SOURCE RECORDS -
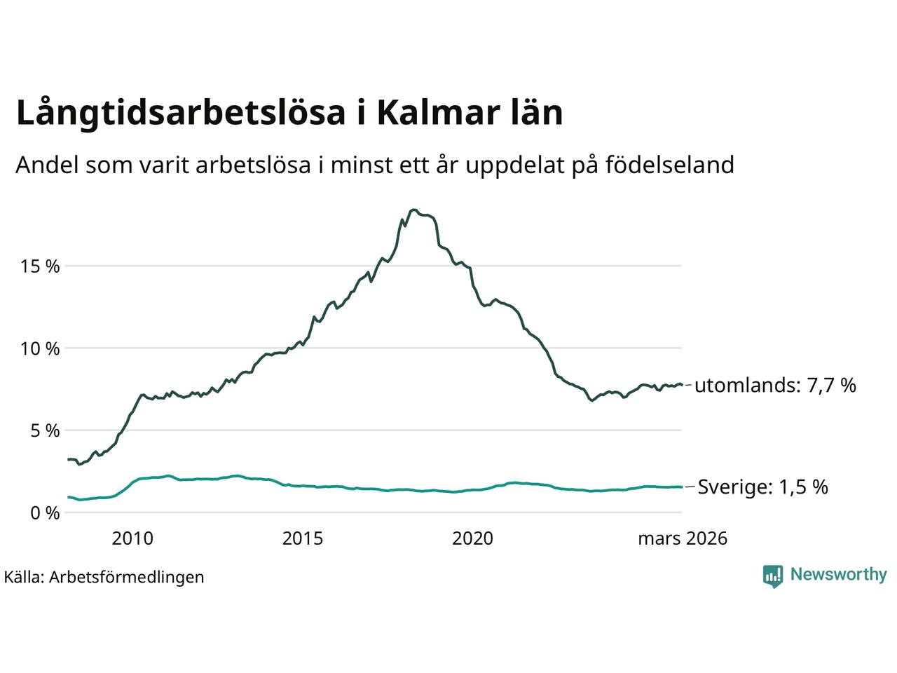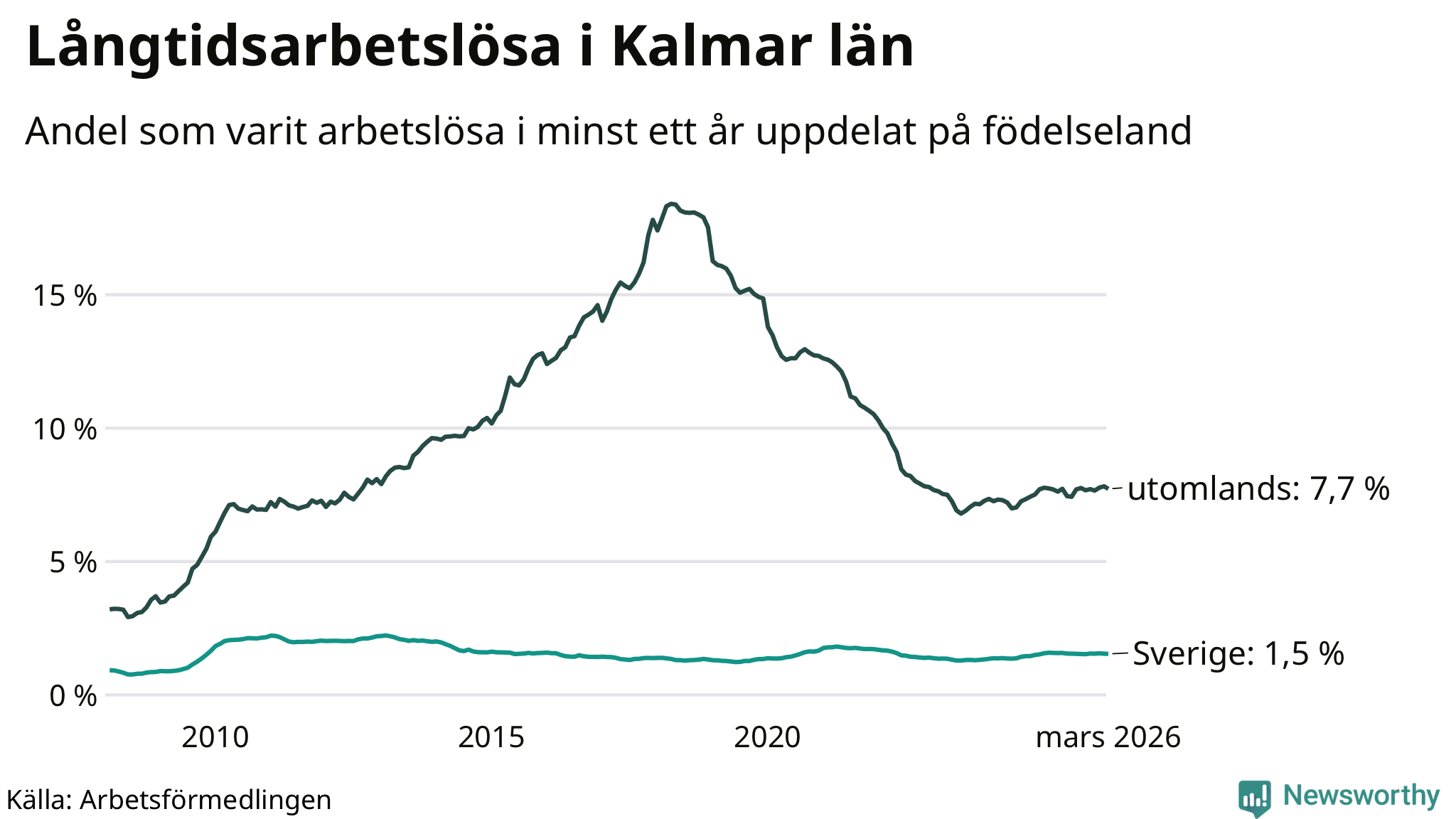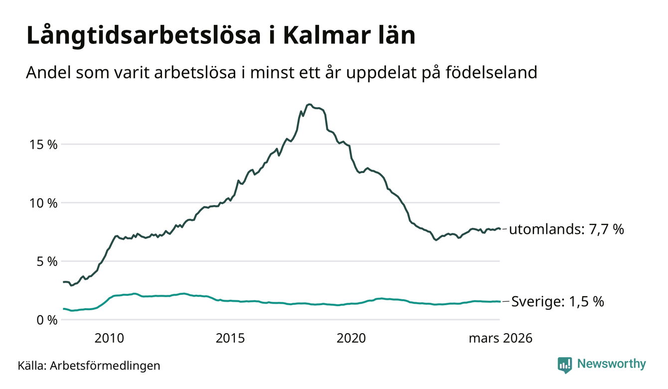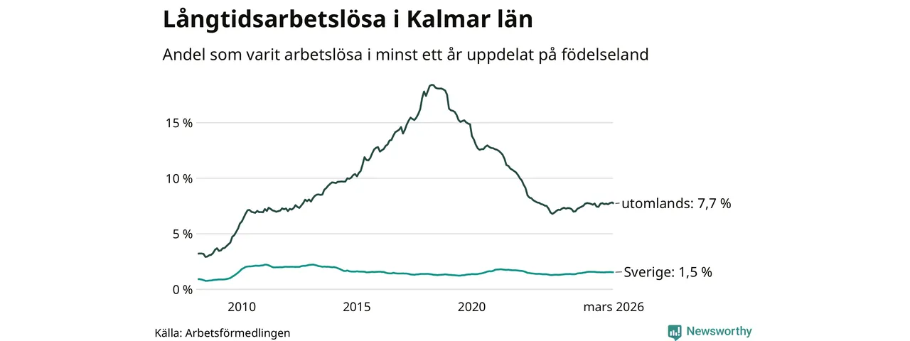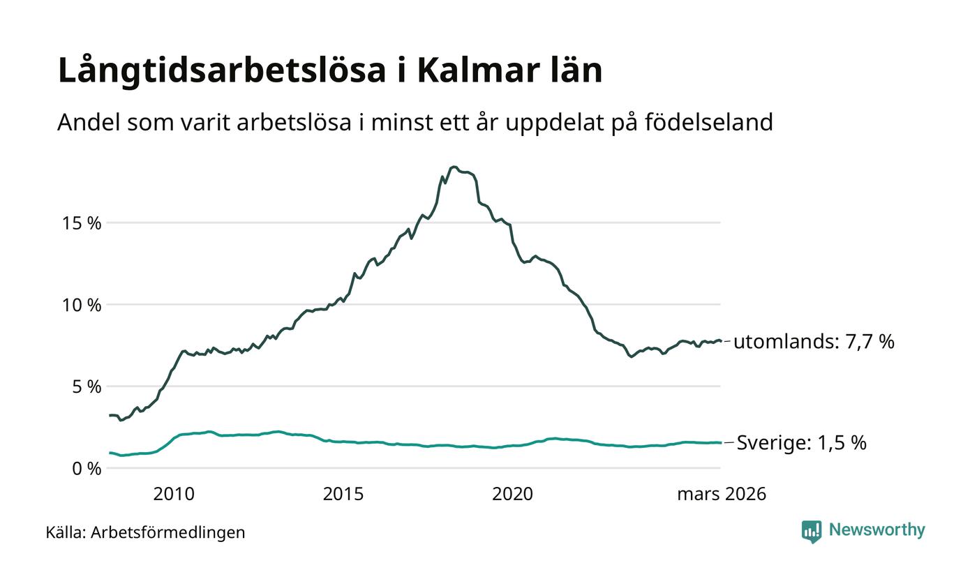 1 457 av de långtidsarbetslösa i Kalmar län är födda i Sverige och mellan 1 646 och 1 649 är födda utomlands. Det innebär att långtidsarbetslösheten bland Sverigefödda är 1,5 procent, medan den ligger på 7,7 procent för utlandsfödda.
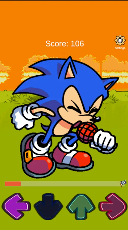 Sonik Rush Mod Test FNF has a simple and intuitive control - click on the arrows on the screen of your device and Sonik will move and make a sound. To make it even more fun for you, after each click you will be awarded points and music will sound in the background. By the way, in FNF Sonik Rush Test you can turn off the music and listen to the voice of only the main character.
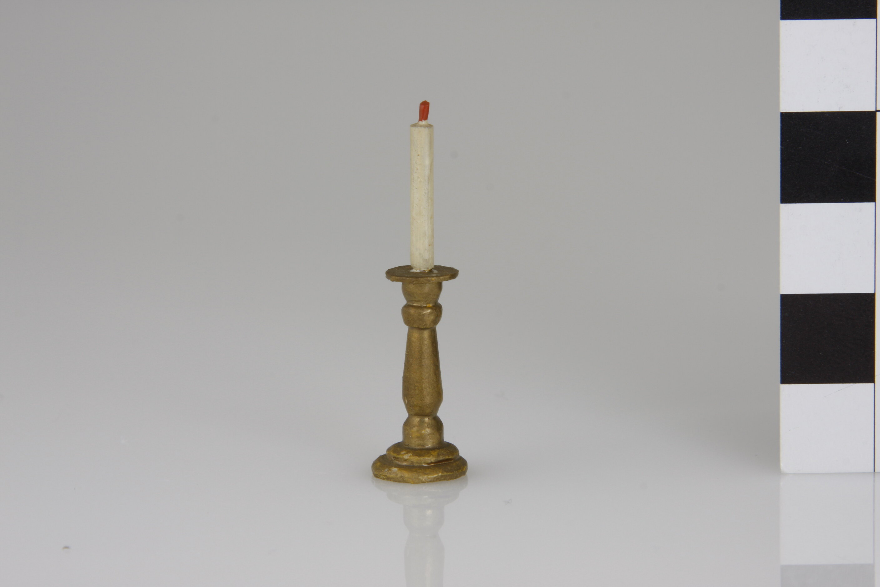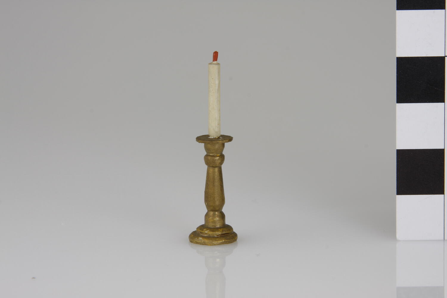 Turned wooden candlestick painted gold with a white taper candle with a red wick.
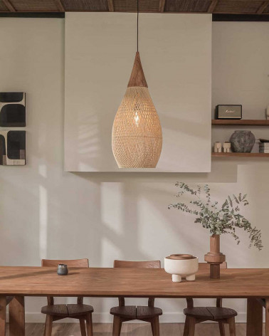 Horn je elegantná a štýlová závesná lampa, ktorá vynikne aj samostatne, ale výborne sa kombinuje aj v skupine viacerých tienidiel nad jedálenský stôl. Výplet z ratanu vytvára organické línie a je ručne tvorený tradičnou technikou z Jávy, čo prináša jedinečný efekt do interiéru. Lampa je dostupná v niekoľkých veľkostiach a farebných prevedeniach, prírodnom aj tmavom aby sa hodila do rôznych veľkostí miestností i štýlov bývania.
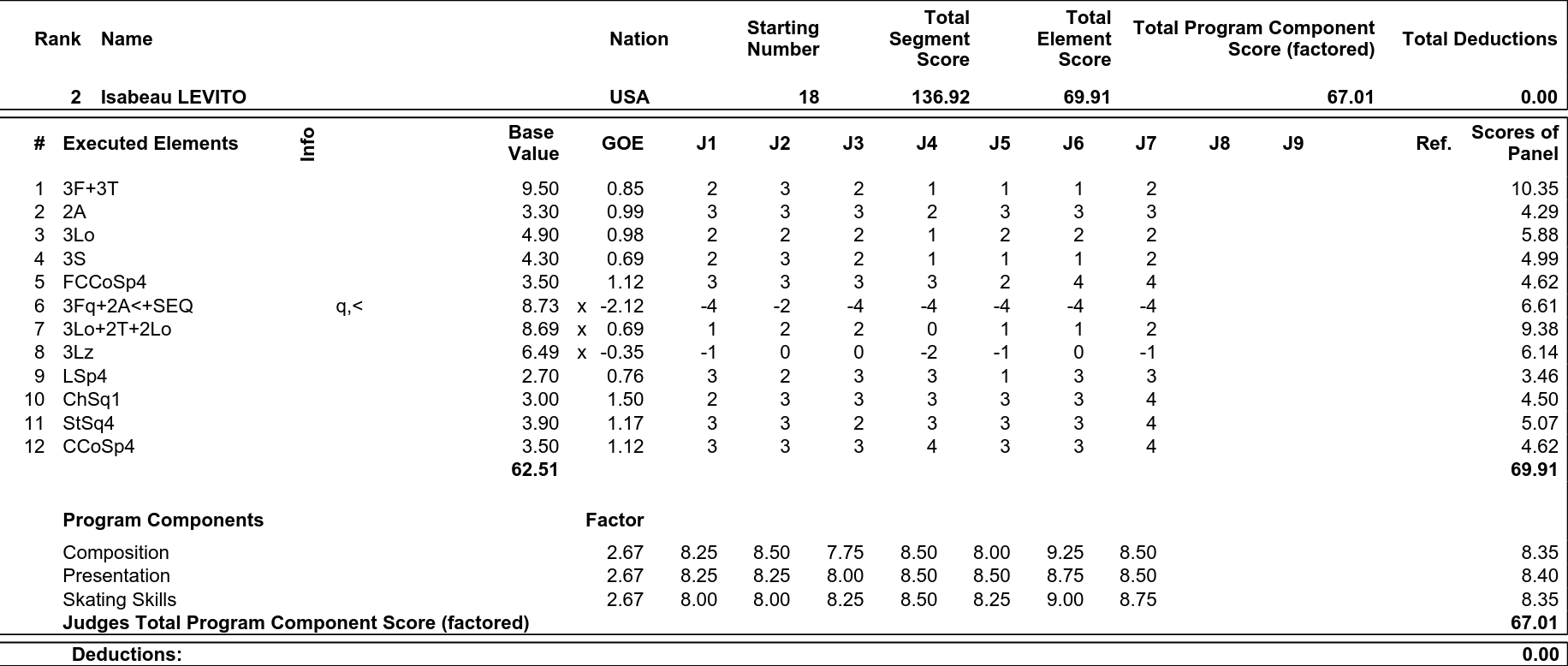 Isabeau LEVITO в чёрном 3z???3tq? 2a 3r 3s 3f2a 3r2t2r 3z клюнула, чуть рукой не коснулась chsq1 инна бауэр, прыжок в шпагат Сегодня разбудила дремлющую в себе Бабасян
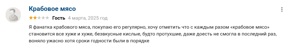 Если в продукции и не окажется червей или желатина, она может быть просто испорчена. В отзывах упоминается слабосоленая форель с запахом болота и земли, которая разваливается при нарезке. Крабовое мясо описывают как безвкусное, кислое и воняющее, будто протухшее. Даже морская капуста не обходится без сюрпризов – покупатели находят в ней толстые капроновые нитки и тряпки.
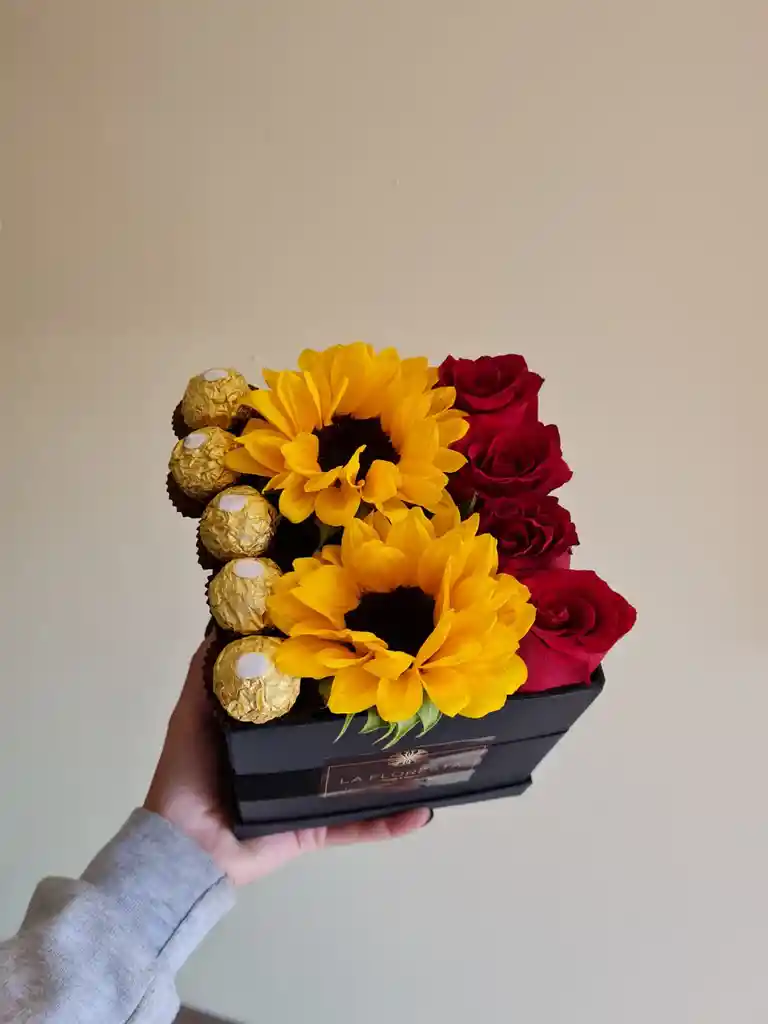 Caja cuadrada con 4 rosas, 2 girasoles y 5 bombones Ferrero Rocher. Medidas: 15 x 15 x 15.
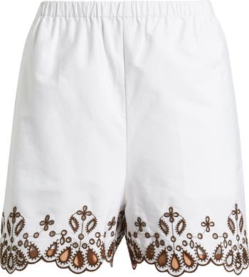 Elevate your warm-weather wardrobe with these crisp, midweight cotton-poplin shorts finished with eyelet embroidery along the hem.

TASK TO CARRY OUT - Output exactly the span of lines from the top of the listing through the line holding "Turned wooden candlestick", and leave every picture out.

TASK SOLUTION -
 1 457 av de långtidsarbetslösa i Kalmar län är födda i Sverige och mellan 1 646 och 1 649 är födda utomlands. Det innebär att långtidsarbetslösheten bland Sverigefödda är 1,5 procent, medan den ligger på 7,7 procent för utlandsfödda.
 Sonik Rush Mod Test FNF has a simple and intuitive control - click on the arrows on the screen of your device and Sonik will move and make a sound. To make it even more fun for you, after each click you will be awarded points and music will sound in the background. By the way, in FNF Sonik Rush Test you can turn off the music and listen to the voice of only the main character.
 Turned wooden candlestick painted gold with a white taper candle with a red wick.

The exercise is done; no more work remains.